The latest news and analysis on Husky men's hoops.

May 18, 2006 at 3:11 PM

More odds and ends

• Here’s an interesting blog from the Oregonian concerning Brandon Roy, with an item from analyst Chad Ford saying that Roy’s agent is refusing workout request from all but the teams that will have the top five picks in the draft. That order won’t be set until the lottery on Tuesday.
I talked with Roy last week and he said he wouldn’t set his workout schedule until after the lottery.
• And here’s report on Bobby Jones’ workout with the Utah Jazz.
Interesting that he was joined in his workout by UConn’s Rashad Anderson, who hit the shot that forced the Sweet 16 game into overtime. That was probably worth some playful banter between the two.
• Talked with Lorenzo Romar for a few minutes the other day while doing a story on his participation in some new commercials that will be debuting shortly. Here’s that story in case you missed it.
Several readers have asked how coaching the U-18 national team will impact Romar’s ability to recruit this summer in both good ways — he will obviously have access to some of the most highly-rated players available for the classes of 2007 and 2008 (there are a couple juniors trying out for the team, Romar said); and bad ways — will spending much of June working with the national team distract him from recruiting this summer?
As to the first question, Romar said he’s not sure if it’s completely a positive getting a chance to work so closely with some recruitable players.
“Some people say you can really blow it,” Romar said. “That the kid will think ‘boy, I don’t want to play for him.’ So it can go either way.
“But I can’t look at it as a recruiting opportunity. I have to look at it as a chance to represent our country with some of the best players at that age in the world. You can’t take away from that. You would cheat the opportunity if you looked at it otherwise.”
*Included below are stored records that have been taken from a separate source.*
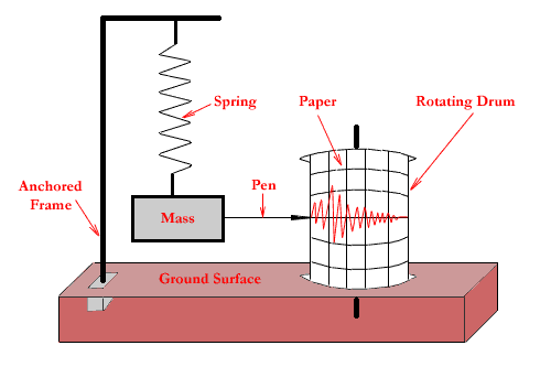 2: Conceptual representation of a simple vertical motion seismograph.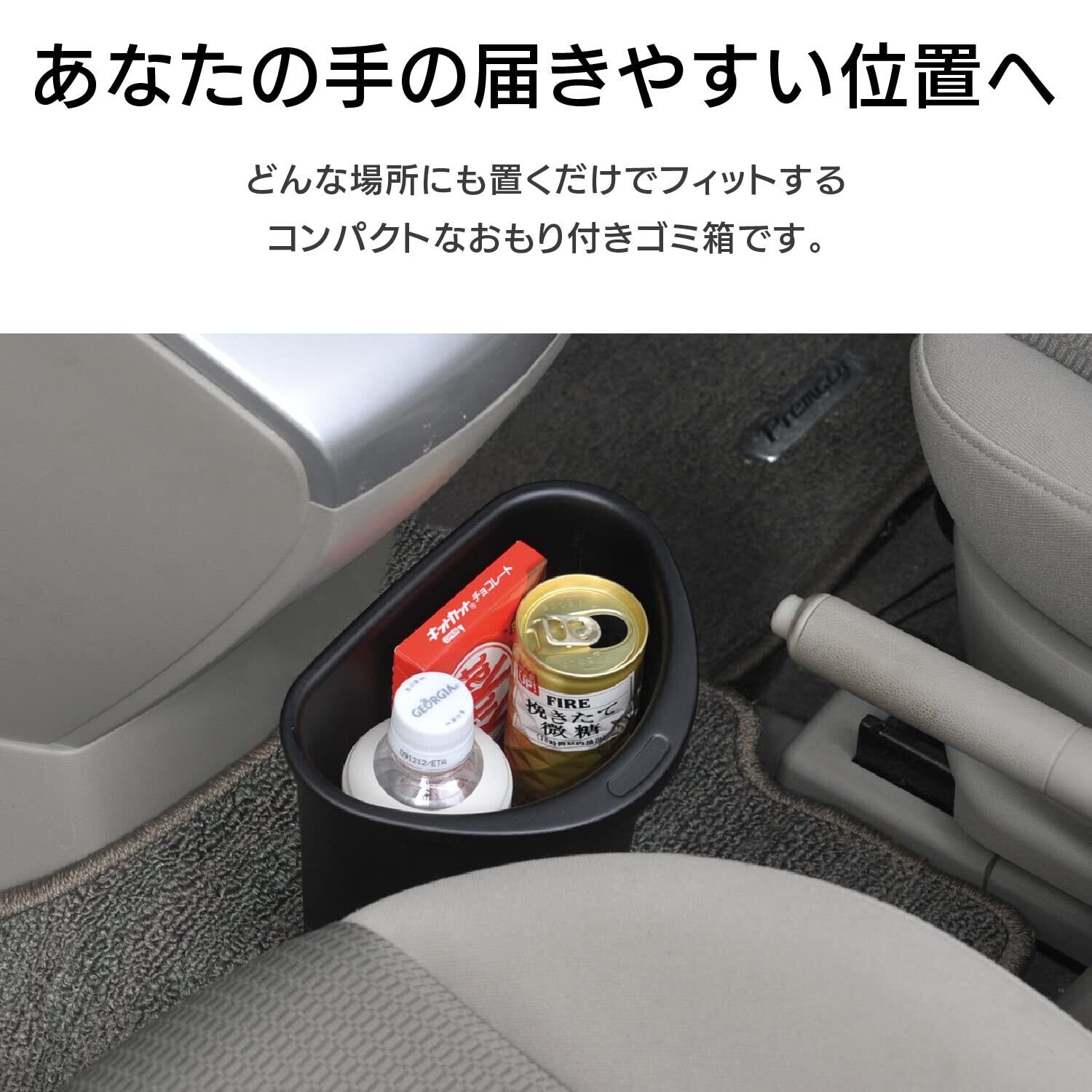半円形状のため、センターコンソール下のスペースや、シートの間、前席シートバック裏など、どんな場所にもぴったりフィットして収まる。500mlペットボトルが2本収納可能。底面におもりが付いているので、走行中の振動による転倒を防ぐ。サっと持ちやすいデザイン。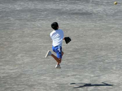 3年D組は、爽やかな秋空の下、ソフトボールを楽しんでいます。バッティングや守備でよい動きをしていた3人をパチリ!

And Romar pointed out what we pointed out here a few days ago — that there will be a lot of other coaches there, as well, with Georgia Tech’s Paul Hewitt and DePaul’s Jerry Wainright serving as assistants, and the likes of Bruce Weber of Illinois helping out as a court coach during the trials when the team will be selected. Romar said Weber was asked to be an assistant for the entire session but couldn’t, due to a few other commitments.
As for the time away from his UW duties, the trials will end before the July recruiting period gets going so it shouldn’t be much of a distraction.
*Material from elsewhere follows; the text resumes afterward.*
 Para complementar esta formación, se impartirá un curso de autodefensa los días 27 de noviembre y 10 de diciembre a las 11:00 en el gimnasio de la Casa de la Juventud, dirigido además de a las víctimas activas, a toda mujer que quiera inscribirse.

• Romar also said Jamaal Williams is in Los Angeles working out and is hoping to get an invitation to an NBA camp as a free agent. Most consider it unlikely Williams will be drafted. Romar said if that doesn’t work out, Williams will head overseas. Williams has already finished his degree at UW.
Here’s a story that won’t make Husky fans too happy.
It reports that Brad Underwood, the junior college coach of Blake Young — the guard the Huskies brought in for a visit last month and thought would be an immediate impact player next season — has been hired at Kansas State. Young, you may recall, signed with Kansas State. Husky fans will surely think the worst. As the story points out, however, Underwood is a KSU grad who played there, and he and Huggins have known each other a while.
• Trying to project how prognosticators will rate the Pac-10 next season is fairly futile — though admittedly a fun way to pass the time — until we know exactly how the rosters will stack up. And that won’t happen until next month when underclassmen have to fully declare for the draft or decide to return to school.
That said, here’s an update on the four Pac-10 players still considering the NBA:
Jordan Farmar and Arron Afflalo.
Leon Powe.
Mustafa Shakur.
The Shakur story is the third item in that report. And while many may think losing a player who has been at best erratic, and at worst, a fairly big disappointment considering the hype that accompanied his arrival in Tuscon, I still think his loss would be a big blow for Arizona. He’d be a senior next year, and that kind of experience is hard to replace.